Over the past five years, the ground has shifted. The possibility that discrimination or a hostile environment might be putting off under-represented groups has gone mainstream. Organisations from the American Economic Association (AEA) to Europe’s Centre for Economic Policy Research have taken on more responsibility for fixing the problem. And at least in the US, five years of good intentions appear to have delivered some results — just not always as intended.

At the AEA’s annual gathering in San Antonio last weekend, I asked about improvements. In some places an aggressive seminar culture seems to have softened, helped by a rule that speakers should be able to hold forth for at least five minutes before interruptions start. Male-dominated conference programmes are rarer these days, and I also heard of a new generation of younger economists more likely to call out offensive remarks.

This being a group of economists, there was also data on the shift. Marianne Bertrand of the University of Chicago presented the results of a 2023 survey of AEA members, suggesting that women were still less satisfied with the climate within economics than men. (There was no difference by race.) More encouragingly, two-fifths of all respondents said that it had improved over the past five years.

Has any of this changed who stays in economics? Patchy data makes it tricky to identify trends in the representation of ethnic minorities. But it does seem that over the past five years, women have become more common in the field. It used to be that they disproportionately dropped away from academia, both after finishing their PhDs and on the path to tenure. But eyeballing the latest data, that is no longer the case.

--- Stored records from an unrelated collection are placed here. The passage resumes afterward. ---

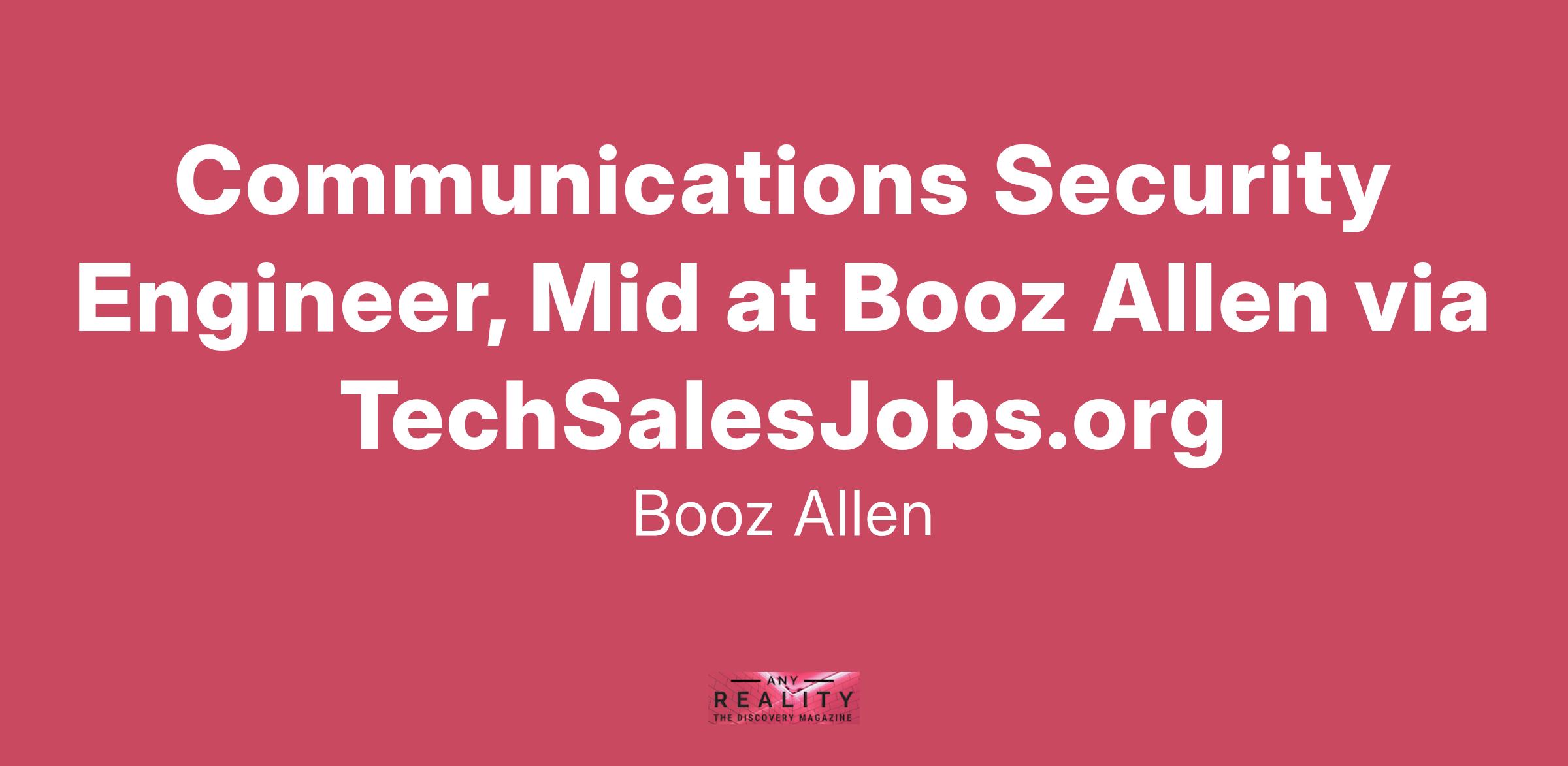 Communications Security Engineer, Mid at Booz Allen via TechSalesJobs.org
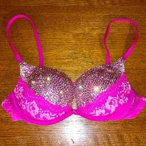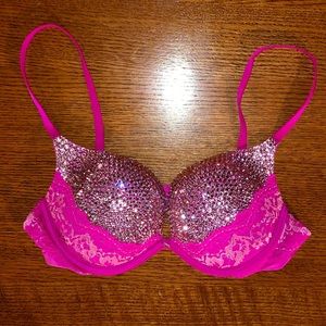 💖LIKE NEW VICTORIA SECRET CUSTOM BLING SPARKLE RHINESTONE PUSHUP PADDING 34B
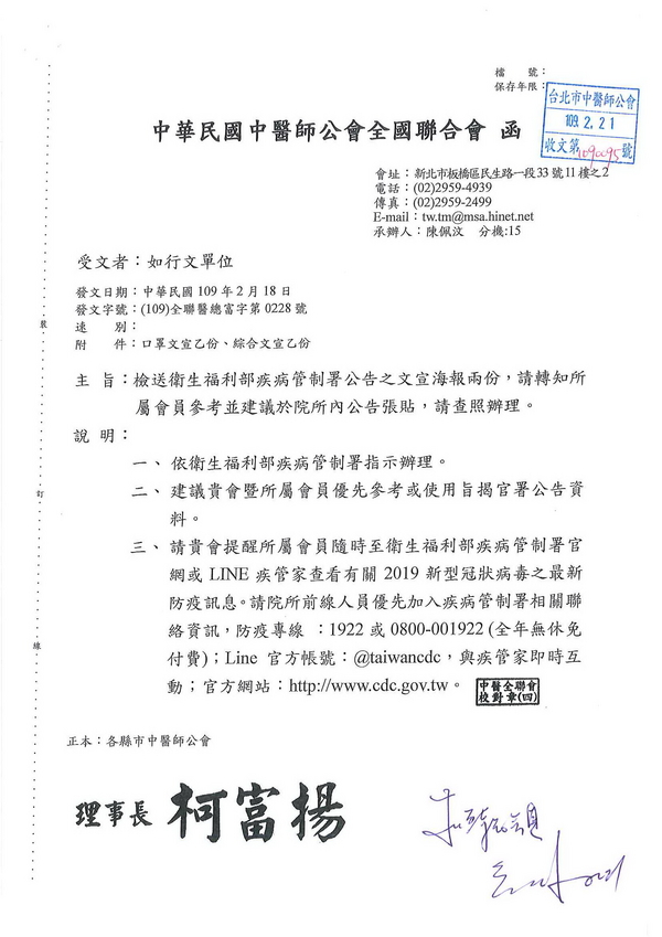 | 台北市中醫師公會 官網:http://www.tpcma.org.tw 地址:台北市中正區青島西路11號3樓 E-mail:tp.cma@msa.hinet.net 電話:(02)2314-3456(代表號) 傳真:(02)2314-8181 |
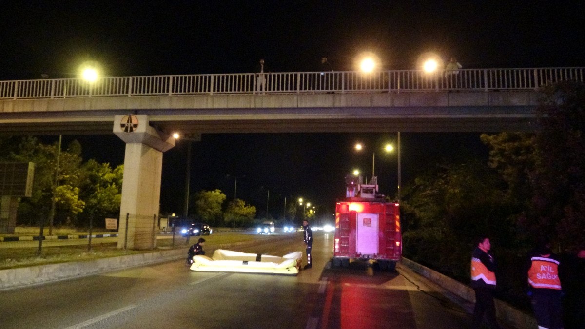 Gece saatlerinde Gazi Bulvarı üzerinde bulunan üst geçitten geçen vatandaşlar, korkulukların dış kısmında bir gencin bulunduğunu görünce durumu polise bildirdi.
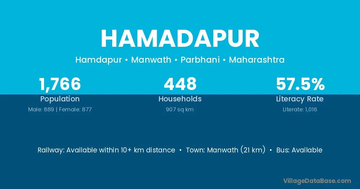 Manwath (21 km) is the nearest town to Hamadapur village for major economic activities and is located approximately 21 km away.
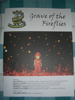 という企画に出席してきました。これはシリーズものなのですが、今日は高畑勲監督の「火垂の墓」が上映され、そのあと、日本文化の研究者たちがパ ネルディスカッションをするという企画です。専門は違うのですが、ちょうどまだ観ていなかったし、内容はまさに平和学なので、息抜きに出かけました。写真 はその時のパンフレットです。
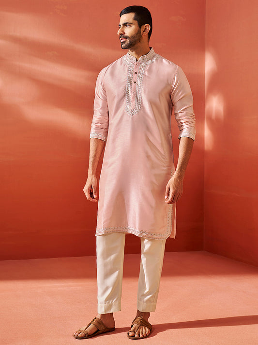 Men's Peach Silk Blend Straight Kurta And Pyjama Set.

Admittedly, it is possible that women are still struggling to progress in particular subfields (hello, macroeconomics), where anecdotes suggest that an aggressive culture has proven stickier. And there is still some leakage in the pipeline to full professor, the field’s most senior rank. The share of women among new PhD students rose dramatically from 2018, but since 2021 has stalled.

The transition has not been entirely smooth. I heard fears that stifling questions meant in some cases seminar speakers lost out on valuable feedback. I heard from another senior economist a concern that women were being added to conference programmes as “decorations”, and not for their expertise.

There is worrying evidence of a backlash, including within the AEA’s latest climate survey. About a quarter of respondents said that they felt more discriminated against than they did five years ago. That share was pretty consistent across men, women, white and non-white economists. One conference, titled “Women in Empirical Microeconomics” (which was technically open to men), is facing allegations of discrimination as part of a Title IX complaint.

A further concern is that efforts to foster an inclusive environment could inadvertently fragment the field. A working paper by Marina Gertsberg of the University of Melbourne found that after 2018, junior female academics started 0.7 fewer new research projects per year, most of which was a drop in collaborations with men. The biggest fall was in collaborations with tenured men and in fields with a lower share of women.

Gertsberg’s theory is that men retreated into increasingly male networks because they perceived a higher “cost of collaboration”. Relatedly, in San Antonio I heard the suggestion that men might avoid co-authoring with women to maximise their chances of speaking invitations.

What comes next? No one I spoke to thought that economics is now perfect. Anusha Chari, chair of the Committee on the Status of Women in the Economics Profession, says that department heads should be trained on how to create more inclusive workplaces. New challenges include a recent Supreme Court ruling limiting affirmative action, which could affect schemes for minority groups.

Further frontiers include economics’ lack of socio-economic diversity, which is higher than in other disciplines. In Europe, a climate survey is in train. (There, the profession seemed slower to act, though on average they started with more gender diversity.) And the final prize, of course, is that economics itself will be made richer.